If he wasn’t nine years old and fictional, Arnold from Nickelodeon’s “HeyArnold!” would be my ideal man.

He’s smart. He’s funny. He’s always willing to lend a hand to someone in need. And because he his head is a bit oddly-shaped, I would never have to buy him hats.

In short, “Short Man” is the guy for me.

If by some sort of magical and scientific miracle, I was able to step into the cartoon world of Arnold, I’d most definitely be Helga G. Pataki.

In the elementary school world it would be impossible for me to voice my Arnold-love-aloud, so like Helga, I would have to resort to throwing spit balls at the back of his football-shaped head.

However, I probably wouldn’t write poems about him and I most definitely would not create a shrine to the guy in the back of my closet using only his used gum.

Though Helga’s Arnold-adoration is beyond creepy, I at least understand where she’s coming from: Arnold is just plain awesome so it’s hard to blame her for all the loving.

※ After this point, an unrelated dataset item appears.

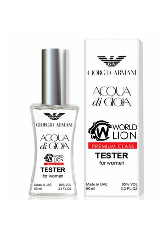 Групи ароматів Квіткові Початкова нота Лимон М'ята Нота серця Жасмин Півонія Рожевий перець Кінцева нота Кедр Лабданум Цукор Бренд Giorgio Armani Модель Acqua di Gioia Жіночий Об'єм 10 мл Рік випуску 2010 Флакон Скло

For one, Arnold’s family would make the world’s best in-laws. Grandpa Phil, the wily old coot, could teach me invaluable life lessons using his stories of the good old days. Grandma Gertie could lead me on exciting, ill-conceived adventures involving neat costumes and cool code names. Together we’d all live happily ever after in the Sunset Arms Boarding House.

I would be especially happy if Arnold and I got to reside in his sweet, pimped-out penthouse. Sure, I might rid the place of its alien-themed wallpaper but overall you can’t ask for a better apartment space. I mean, the guy has wall to wall skylights and a couch that folds out of the wall with a touch of a button.If this isn’t awesome, I don’t know what is.

Also, I’m completely positive Gerald Johanssen, Arnold’s ring man, would welcome me with open arms. He could tell me the legends of the neighborhood and teach me how to get my hair to stand up that high on my head. Whenever I did anything noteworthy he would tell me I’m “a bold kid” and in time, he would surely teach me that fancy handshake he and Arnold share.

Arnold, Gerald and I would be confronted with ethical and moral dilemmas on a daily basis. Together we would solve these predicaments within a half hour time period (22 minutes if you don’t count commercial breaks).

My football-headed Prince Charming and I would make the world a better place, starting with P.S. 118.

Unfortunately, Arnold is not a a real person. Though this is not a huge revelation, it is however, a major bummer.

Since my dream man only exists in cartoon form, I was forced to settle for someone who does not have a football-shaped head. Though the obvious disadvantage of this is he’s not Arnold, he is however, much easier to buy hats for.